Aberdeen scientist in major materials research breakthrough

Aberdeen scientist in major materials research breakthrough

Scientists working on the development of a new material that could one day be used in the construction of anything from spacecraft to prosthetic limbs have made a major breakthrough in their research.

In a letter published in the journal Nature, scientists including Professor Robert McMeeking from the University of Aberdeen have proved that the new ‘metamaterial’ – a lightweight, solid foam known as Isomax™ – is the world’s first to achieve the performance first proved by theory over 40 years ago.

Metamaterials are engineered to have properties not found in nature, and put together using multiple elements fashioned from materials such as metals or plastics.

The majority of the research on Isomax has taken place at the University of California Santa Barbara (UCSB), where Professor McMeeking - who specialises in materials and mechanical engineering - is based for much of the year.

Working alongside materials scientists Jonathan Berger from UCSB and Haydn N.G. Wadley from the University of Virginia, Professor McMeeking provided the calculations that helped prove the potentially revolutionary qualities of Isomax in material design.
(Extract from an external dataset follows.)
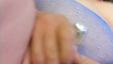 Oiling up Her muff and toy banging Her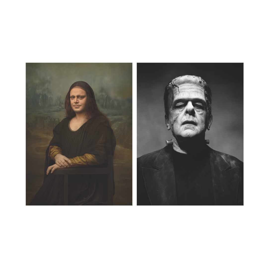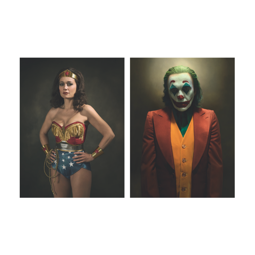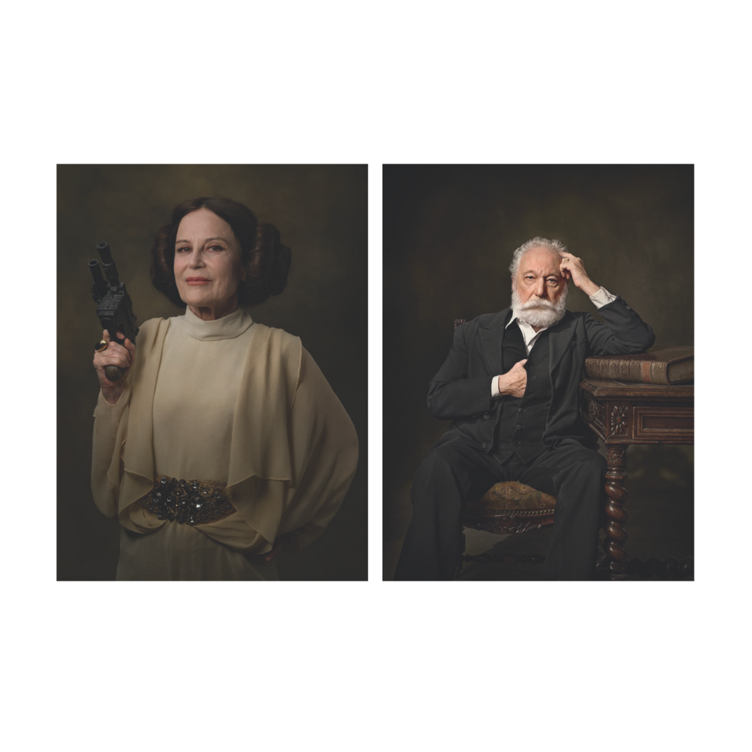 La série de photographies en couleur et en noir & blanc, Portraits Croisés, nous offre une vision de la culture à la fois positive et réjouissante dans laquelle se mêlent les grands classiques des siècles derniers (Molière, Victor Hugo, Beethoven…) aux contemporains (Wonder Woman, Pac Man, Dallas…).

Explaining the significance of the breakthrough, he said: “In short, we have made it possible to produce a lightweight material with the highest stiffness possible by making a cellular system. 

“There are lots of applications in engineering where one wants to fill space with a low density, lightweight material that is also stiff, for example, load bearing components in aircraft, drones and spacecraft. 

“Our design provides us with a material that has the highest possible stiffness for the lowest possible weight, and for less cost than rival materials which gives it a better chance of widespread use.”

Professor McMeeking said that the development of the material has been well timed - as resources become more limited and concern for energy efficiency grows, Isomax would require fewer resources to produce and less fuel to transport.

And from a personal perspective, he said that the eventual production could one day rank as the highlight of his career.

“One of the most satisfying things about this breakthrough is that the theorem telling us the stiffness of the optimal design is was proved in the 60s, but up to now no-one has produced a design that achieves this,” he said.

“We have found that optimal design and we also know that it cannot be bettered.”